| The problem |
Your answer must be the full listing, word for word, with no images in it.

| Excerpted data |

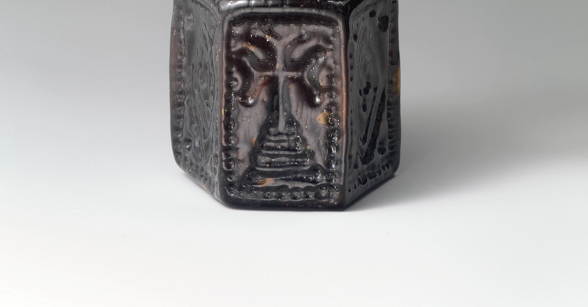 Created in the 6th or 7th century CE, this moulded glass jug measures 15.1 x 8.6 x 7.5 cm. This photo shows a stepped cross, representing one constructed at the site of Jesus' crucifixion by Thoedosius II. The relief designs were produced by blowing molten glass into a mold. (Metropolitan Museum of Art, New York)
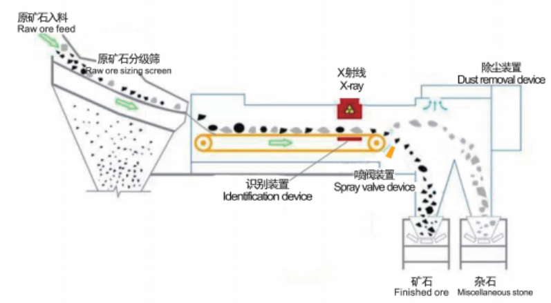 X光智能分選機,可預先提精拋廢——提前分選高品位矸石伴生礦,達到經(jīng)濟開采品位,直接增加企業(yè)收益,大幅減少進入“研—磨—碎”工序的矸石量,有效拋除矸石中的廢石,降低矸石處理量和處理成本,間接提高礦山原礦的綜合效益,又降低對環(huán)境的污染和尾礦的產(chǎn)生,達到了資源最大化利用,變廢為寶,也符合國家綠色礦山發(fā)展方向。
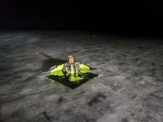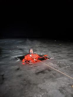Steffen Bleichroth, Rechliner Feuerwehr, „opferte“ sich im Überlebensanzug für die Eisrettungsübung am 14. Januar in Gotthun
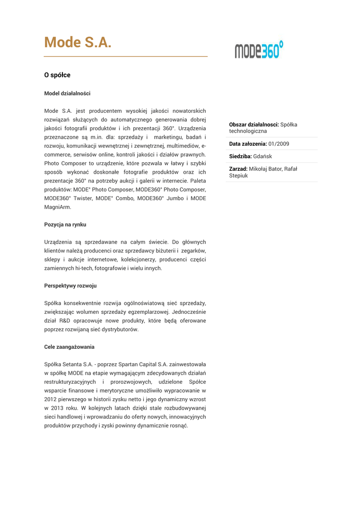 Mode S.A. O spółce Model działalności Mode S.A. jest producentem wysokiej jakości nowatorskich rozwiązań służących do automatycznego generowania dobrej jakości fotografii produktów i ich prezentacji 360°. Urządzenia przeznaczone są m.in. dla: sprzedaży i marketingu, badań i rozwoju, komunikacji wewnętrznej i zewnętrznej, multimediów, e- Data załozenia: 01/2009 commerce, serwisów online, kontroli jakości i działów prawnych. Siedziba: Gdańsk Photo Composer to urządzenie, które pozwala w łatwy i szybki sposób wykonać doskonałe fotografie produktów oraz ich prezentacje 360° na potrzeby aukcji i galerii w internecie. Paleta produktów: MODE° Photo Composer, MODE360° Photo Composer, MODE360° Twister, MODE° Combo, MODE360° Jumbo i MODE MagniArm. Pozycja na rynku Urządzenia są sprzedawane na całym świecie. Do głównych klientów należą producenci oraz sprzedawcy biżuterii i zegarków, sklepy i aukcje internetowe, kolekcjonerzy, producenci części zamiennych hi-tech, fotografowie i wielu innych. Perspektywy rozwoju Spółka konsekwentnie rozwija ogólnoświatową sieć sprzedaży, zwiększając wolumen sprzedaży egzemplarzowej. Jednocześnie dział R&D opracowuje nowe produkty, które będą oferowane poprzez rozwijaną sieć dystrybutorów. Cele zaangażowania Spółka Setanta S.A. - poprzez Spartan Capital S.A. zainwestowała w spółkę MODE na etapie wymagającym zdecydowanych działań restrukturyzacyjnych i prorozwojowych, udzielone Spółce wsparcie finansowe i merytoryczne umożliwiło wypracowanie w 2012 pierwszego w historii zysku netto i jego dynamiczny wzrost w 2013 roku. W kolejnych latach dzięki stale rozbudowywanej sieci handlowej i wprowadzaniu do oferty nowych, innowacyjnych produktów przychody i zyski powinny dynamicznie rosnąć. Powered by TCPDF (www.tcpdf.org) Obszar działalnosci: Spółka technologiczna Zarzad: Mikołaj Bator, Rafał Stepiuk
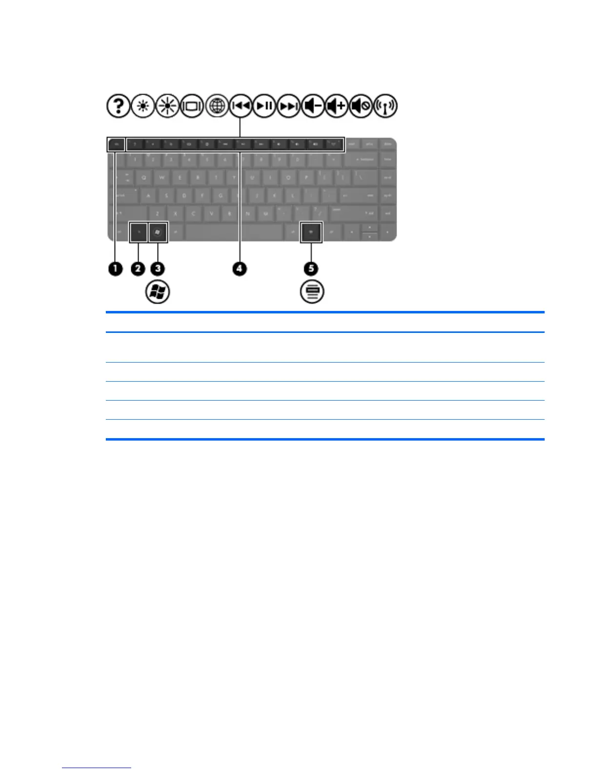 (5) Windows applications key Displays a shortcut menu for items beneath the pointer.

| Solution for this task |
 Created in the 6th or 7th century CE, this moulded glass jug measures 15.1 x 8.6 x 7.5 cm. This photo shows a stepped cross, representing one constructed at the site of Jesus' crucifixion by Thoedosius II. The relief designs were produced by blowing molten glass into a mold. (Metropolitan Museum of Art, New York)
 X光智能分選機,可預先提精拋廢——提前分選高品位矸石伴生礦,達到經(jīng)濟開采品位,直接增加企業(yè)收益,大幅減少進入“研—磨—碎”工序的矸石量,有效拋除矸石中的廢石,降低矸石處理量和處理成本,間接提高礦山原礦的綜合效益,又降低對環(huán)境的污染和尾礦的產(chǎn)生,達到了資源最大化利用,變廢為寶,也符合國家綠色礦山發(fā)展方向。
Steffen Bleichroth, Rechliner Feuerwehr, „opferte“ sich im Überlebensanzug für die Eisrettungsübung am 14. Januar in Gotthun
 Mode S.A. O spółce Model działalności Mode S.A. jest producentem wysokiej jakości nowatorskich rozwiązań służących do automatycznego generowania dobrej jakości fotografii produktów i ich prezentacji 360°. Urządzenia przeznaczone są m.in. dla: sprzedaży i marketingu, badań i rozwoju, komunikacji wewnętrznej i zewnętrznej, multimediów, e- Data załozenia: 01/2009 commerce, serwisów online, kontroli jakości i działów prawnych. Siedziba: Gdańsk Photo Composer to urządzenie, które pozwala w łatwy i szybki sposób wykonać doskonałe fotografie produktów oraz ich prezentacje 360° na potrzeby aukcji i galerii w internecie. Paleta produktów: MODE° Photo Composer, MODE360° Photo Composer, MODE360° Twister, MODE° Combo, MODE360° Jumbo i MODE MagniArm. Pozycja na rynku Urządzenia są sprzedawane na całym świecie. Do głównych klientów należą producenci oraz sprzedawcy biżuterii i zegarków, sklepy i aukcje internetowe, kolekcjonerzy, producenci części zamiennych hi-tech, fotografowie i wielu innych. Perspektywy rozwoju Spółka konsekwentnie rozwija ogólnoświatową sieć sprzedaży, zwiększając wolumen sprzedaży egzemplarzowej. Jednocześnie dział R&D opracowuje nowe produkty, które będą oferowane poprzez rozwijaną sieć dystrybutorów. Cele zaangażowania Spółka Setanta S.A. - poprzez Spartan Capital S.A. zainwestowała w spółkę MODE na etapie wymagającym zdecydowanych działań restrukturyzacyjnych i prorozwojowych, udzielone Spółce wsparcie finansowe i merytoryczne umożliwiło wypracowanie w 2012 pierwszego w historii zysku netto i jego dynamiczny wzrost w 2013 roku. W kolejnych latach dzięki stale rozbudowywanej sieci handlowej i wprowadzaniu do oferty nowych, innowacyjnych produktów przychody i zyski powinny dynamicznie rosnąć. Powered by TCPDF (www.tcpdf.org) Obszar działalnosci: Spółka technologiczna Zarzad: Mikołaj Bator, Rafał Stepiuk
 (5) Windows applications key Displays a shortcut menu for items beneath the pointer.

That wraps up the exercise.